Wednesday, July 27, 2016

China Life Oriental Beauty (Bai Hao, Taiwanese oolong)


beautiful tea; that's pretty much the right look


A great example of this tea type from China Life; site link for this tea here. One of my favorite versions of oriental beauty is from Thailand,  a tea I just gave away the last of, so it's especially nice to try a version just as good.  Or this one may be better, depending on preference, since it's a little different.  That's really how the type goes, spanning an interesting range of related characteristics, so different in character there may or may not be one clear optimum.

The standard description of an oriental beauty (Bai Hao) fits this tea as a starting point:  good sweetness and complexity, tastes in the range of muscatel, citrus and other fruit, and spice (the package general type description trades out honey for spice but close enough; honey works too).

This version is on the more oxidized side, which works well with how the tea comes across.  Of course OB typically is on the more oxidized side of medium, but this one is a bit towards a black tea from upper medium.  It's still a very soft, sweet, fruity and complex tea, so the extra oxidation just adds some extra earthy undertone to the flavors context, and changes everything around a little in a way that works.


a very silly tea taster

There is a lot going on with this tea, starting with that type description (muscatel, citrus, honey, other fruit that's not so easy to clearly identify).  Someone really good at teasing out an extra long list of component tastes might add a lot more than I will here.  As can be typical for me the spice is an intriguing element.  It's not clearly cinnamon,  but in that range, maybe closer to nutmeg or cardamom, but I'm not sure either is a perfect match.  A pronounced honey component is layered in with the other tastes too, very strong as a scent in the empty cup.


I asked for some input from my tasting assistant and she guessed banana, but I'm going to have to say she missed it that time.  Or maybe if she meant dried banana she might be on to something; I could see that, a taste quite like the softer dried version of small bananas, not the hard chips.

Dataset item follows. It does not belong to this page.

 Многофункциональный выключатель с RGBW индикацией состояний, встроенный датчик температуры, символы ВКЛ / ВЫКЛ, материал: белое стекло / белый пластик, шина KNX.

Across some infusions the tea doesn't shift a lot. Some of the more forward taste elements diminish a little to let the base stand forward more but the taste range is still sweet and bright.  The fullness thins a little but the flavors stay clean and as complex, a good sign and a pleasant attribute.

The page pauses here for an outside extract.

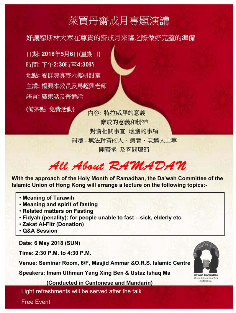 齋戒月專題演講 (廣東話及普通話) IUHK 2018-04-28 15:12:20 瀏覽 Talk: All About Ramadan (Cantonese & Mandarin) 齋戒月專題演講 (廣東話及普通話) 6 May (Sun) 2 - 4 pm @ 6/F Seminar Room 5月6日(星期日)下午2 - 4時@ 6樓研討室

not really black tea, but a good bit oxidized

China Life made a great introductory video about the type,  linked here, explaining that terpenes are the compounds responsible for the flavors complexity.  I've researched the type background for posts before (especially here) but that part wasn't familiar.  I don't think I've mentioned that they make great videos that span explaining the basics of tea brewing, to others going into types background, like this one on Dan Cong, or on lots of tangents, like how slurping works in tasting


 As Don mentioned in that video this is a tea type that does well brewed different ways, good across a range of preparations, not touchy or easy to screw up.  One could draw out different balances of nice flavors based on slight changes in approach.  Since this tea is on the darker / more oxidized side body could change a lot, drank as wispy and subtle, emphasizing the fruit aspects and complexity, or brewed stronger, as a substantial tea with lots of body and full earthy / mineral flavors.  I'd have more to say about that after trying this tea a couple more times, and could fill in a longer flavor-aspects list, but I'm getting behind in finishing post drafts and tasting teas, so I'll go with that more basic description here, my initial impression.

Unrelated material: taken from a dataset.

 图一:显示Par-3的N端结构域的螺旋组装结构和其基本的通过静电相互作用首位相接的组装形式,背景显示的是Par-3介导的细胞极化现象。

It would seem a shame to use Western style brewing for a tea this good, and there is no way I'd brew it grandpa style, as covered in a recent post, but Western style brewing would work since the tea is flexible.  To me the tea type doesn't transition as much across infusions as some other types of teas do, more about flavor aspects that seem more forward and more of a base shifting in proportion, so there might be less to miss of that aspect--the transition itself--using simpler brewing.


My wife gave me some fresh pineapple to have with breakfast after drinking the tea for several infusions and it occurred to me that a similar sweetness, citrus character, and pineapple taste range could have been one part of what I had been tasting. Or maybe that was just the power of suggestion, and a vaguely general range, but I could swear I was "getting" pineapple after I had both in front of me.


I might mention that pineapple really isn't one specific taste, that versions of the fruit share common aspects, but there are lots of types of pineapples in tropical countries that definitely don't all taste the same.  My understanding is that Dole chose the one type familiar to Americans as canned fruit not for sweetness or specific taste but because that fruit shape was closest to that of a can.  The one my wife had bought was nice, bright flavored, citrusy, honey - sweet and complex (some general character shared by the tea), and of course it tasted like pineapple.